* [TASK PROMPT]: Since the records include pictures, leave those out while you reproduce exactly and only the lines from the one containing "為了營(yíng)造濃厚的廉" through the one containing "表 3 不同氮濃度污水對粉綠狐尾藻不同部位氮含量的影響1)", inclusive.

* [AVAILABLE RECORDS]:
BEGIN

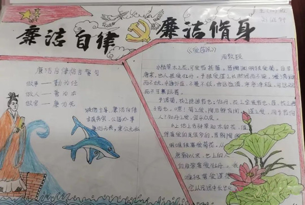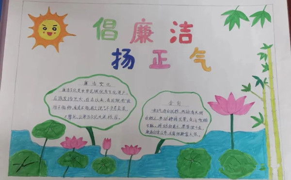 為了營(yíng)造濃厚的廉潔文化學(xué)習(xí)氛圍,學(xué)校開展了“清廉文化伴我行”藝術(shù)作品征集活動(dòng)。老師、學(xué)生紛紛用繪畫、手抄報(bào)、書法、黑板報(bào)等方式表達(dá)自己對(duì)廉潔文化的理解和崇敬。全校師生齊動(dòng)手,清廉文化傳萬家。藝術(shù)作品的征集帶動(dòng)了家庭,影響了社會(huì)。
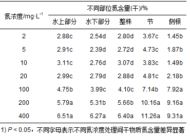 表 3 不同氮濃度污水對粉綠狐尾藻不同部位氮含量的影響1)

END
BEGIN

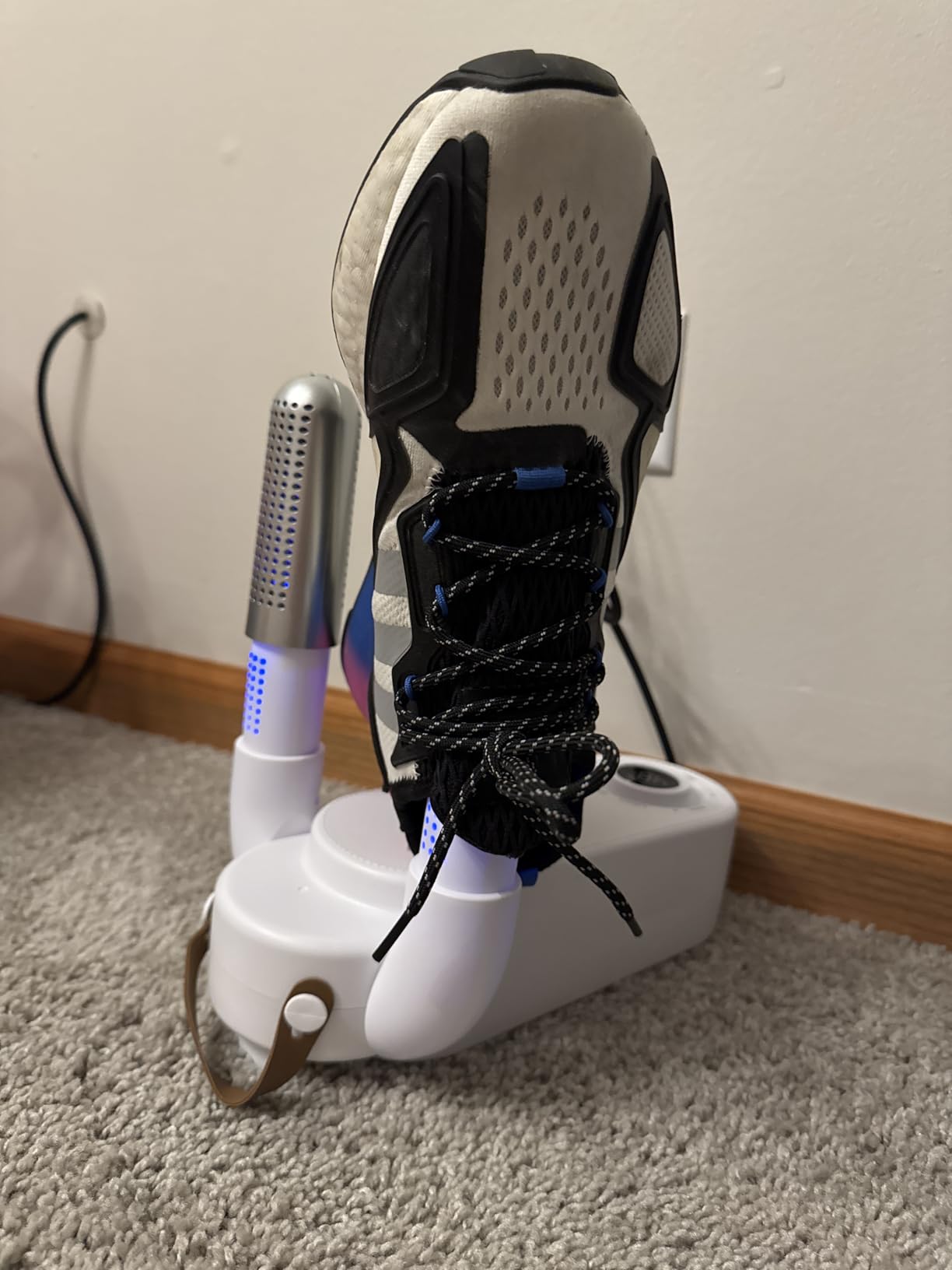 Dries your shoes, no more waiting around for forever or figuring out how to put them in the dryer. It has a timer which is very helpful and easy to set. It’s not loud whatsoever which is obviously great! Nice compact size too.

END

* [RESULT OF THE EXERCISE]:
 為了營(yíng)造濃厚的廉潔文化學(xué)習(xí)氛圍,學(xué)校開展了“清廉文化伴我行”藝術(shù)作品征集活動(dòng)。老師、學(xué)生紛紛用繪畫、手抄報(bào)、書法、黑板報(bào)等方式表達(dá)自己對(duì)廉潔文化的理解和崇敬。全校師生齊動(dòng)手,清廉文化傳萬家。藝術(shù)作品的征集帶動(dòng)了家庭,影響了社會(huì)。
 表 3 不同氮濃度污水對粉綠狐尾藻不同部位氮含量的影響1)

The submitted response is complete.